The Placebo Effect
The Placebo Effect
The placebo effect is the treatment effect that is not induced by a specific treatment such as pharmacological substance. We are interested in undersatnding the neural underpinnings of the placebo effect. We first focused on placebo analgesia in our placebo research since the placebo effect has previously been best described for pain in a long series of experimental studies. We were first to describe the processes in the human brain underlying placebo analgesia (Petrovic et al Science 2002), and showed that two regions were involved in the placebo response: the orbitofrontal cortex (Obfc) and the rostral anterior cingulate cortex (rACC). This study opened a new research direction in cognitive neuroscience and it has been cited over 700 times.
Our group has also generalized the ideas of placebo analgesia to emotional processing and perception (Petrovic et al Neuron 2005). This experimental model is important since there it has been a fierece debate about the placebo effect in antidepressive teratment - but virtually no experimetal studies on this topic in cognitive neuroscience. In that study we discovered that similar prefrontal systems (Obfc and rACC) were involved as in placebo analgesia.

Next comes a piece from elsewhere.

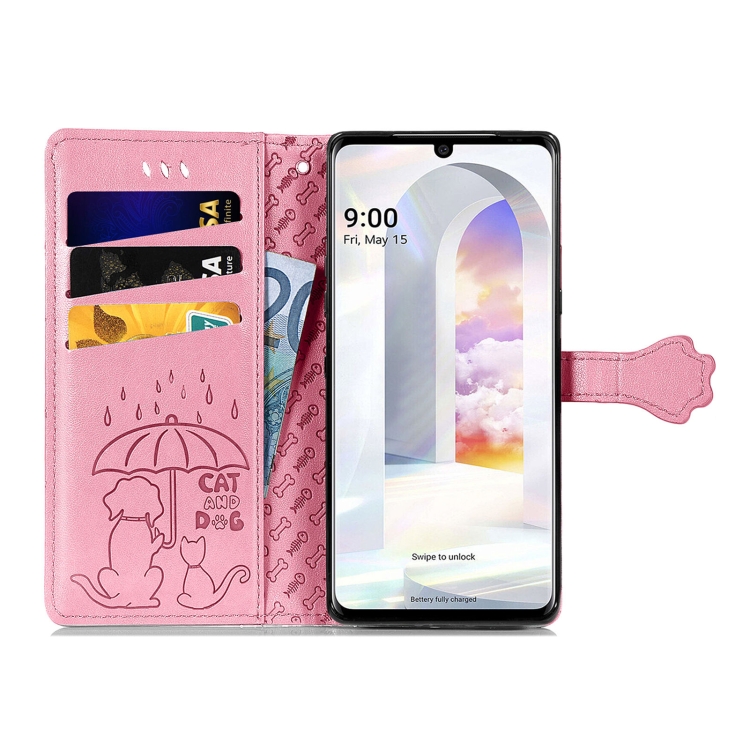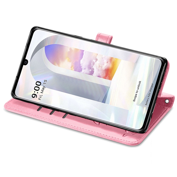 Funda de Cuero LG Velvet 2 Pro con Soporte, Tragamonedas, Billetera y Cordón (Rosa)

We also built a theoretical model of the placebo effect that builds on general information processing of expectations, and showed evidence in favour of this model (Petrovic et al Pain 2010). We generalized this idea further by showing “placebo-like” modulation of a visual illusion (Sterzer et al Current Biology 2008; Schmack Journal of Neuroscience 2013). Finally, we have studied expectation effects in the brains of treating doctors (Jensen et al Molecular Psychiatry 2014) since it has been suggested that the the social interaction between the treater and the patient is the most signiciant aspects of the placebo effect.